By Katherine Hamilton
Pharmaceutical companies are facing a threat of tariffs after long being exempt that could push import costs higher and prompt them to rethink their footprints outside the U.S.
The tariffs announced by President Trump on Wednesday would add about $46 billion in import costs for the pharmaceutical industry if they are implemented in that sector, Bernstein analyst Courtney Breen estimates.
"Shifting to a world where there may be tariffs on pharmaceuticals is going to require reorganization and new strategies," Breen said. "What we probably will see is earnings contraction for some of these companies."
Shares of Abbvie fell 5%, to $192.71, on Friday. Merck slipped 5%, to $81.77; Eli Lilly declined 5%, to $747.84; and Pfizer was down 4%, to $23.35.

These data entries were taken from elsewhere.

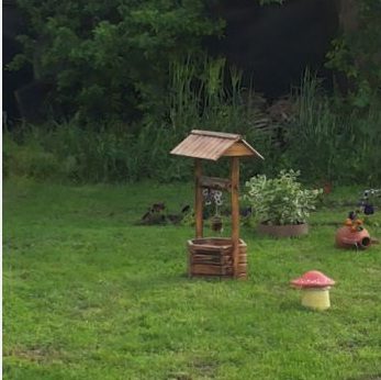 Der Garten ist mit einer Fläche von 500 m2 und ist mit Obstbäumen bepflanzt. Es gibt einen Parkplatz.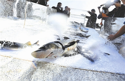 当日上午,3000尾大规格中华鲟在长江三峡大坝下游湖北宜昌胭脂园放流长江,放流规格、数量为历年来大规格个体放流之最。
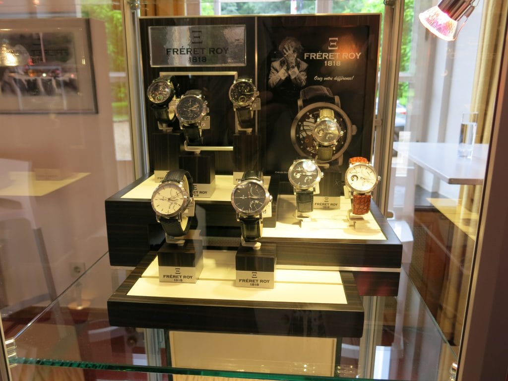 Michel Fréret-Roy et sa femme nous ont fait un accueil charmant devant la vitrine illustrant leurs créations, montres et bagues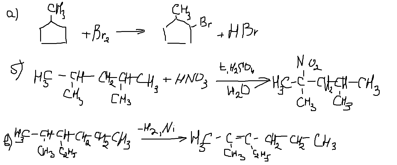 Напишить схеми реакций а)бромування метилциклопентану б)нитрування 2,4-диметилпентану в)дегидрування 2-метил-3-етилгексану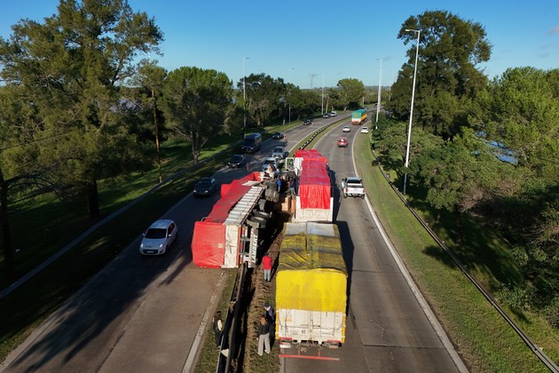Sin detalles sobre el incidente, el rodado pesado habría perdido el control, impactó contra el guardarrail central entre las dos manos y quedó volcado de costado en dicho lugar. Se trata de un vehículo que trasladaba naranjas desde Chajarí y tenía como destino el Mercado de Abastecedores de Santa Fe.

Drug companies do a lot of manufacturing in countries where the corporate-tax rate is low, such as Ireland and Switzerland. They can then import those products to the U.S., where the bulk of their revenue comes from, without paying duties because they are tariff-exempt.

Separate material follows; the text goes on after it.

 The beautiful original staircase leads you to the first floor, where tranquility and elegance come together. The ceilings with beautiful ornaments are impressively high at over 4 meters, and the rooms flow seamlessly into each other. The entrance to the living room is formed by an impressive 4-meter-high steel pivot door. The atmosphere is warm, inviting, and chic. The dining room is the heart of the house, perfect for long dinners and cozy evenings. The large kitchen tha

Abbvie and Merck have some of the largest footprints in Ireland of manufacturing sites that are registered to import to the U.S., TD Cowen analyst Steve Scala said. That means those companies are at risk of having to pay tariffs on all the products they import from those plants, adding a cost that could offset the savings from the lower tax rate.
Quickly moving to the U.S. as a response to tariffs will be difficult. Construction timelines for new pharmaceutical manufacturing sites typically run at least four years due to stringent regulations, Ernst & Young's Tracee Fultz, who advises companies in the life sciences space, said. Companies require billions of dollars and a labor pool with specialized skills to build a plant in a new location, plus they have to meet quality standards and gain regulatory approval from that country.
"Both talent and capital are going to weigh heavily on that decision and in some cases that may outweigh the amount of the tariff," Fultz said.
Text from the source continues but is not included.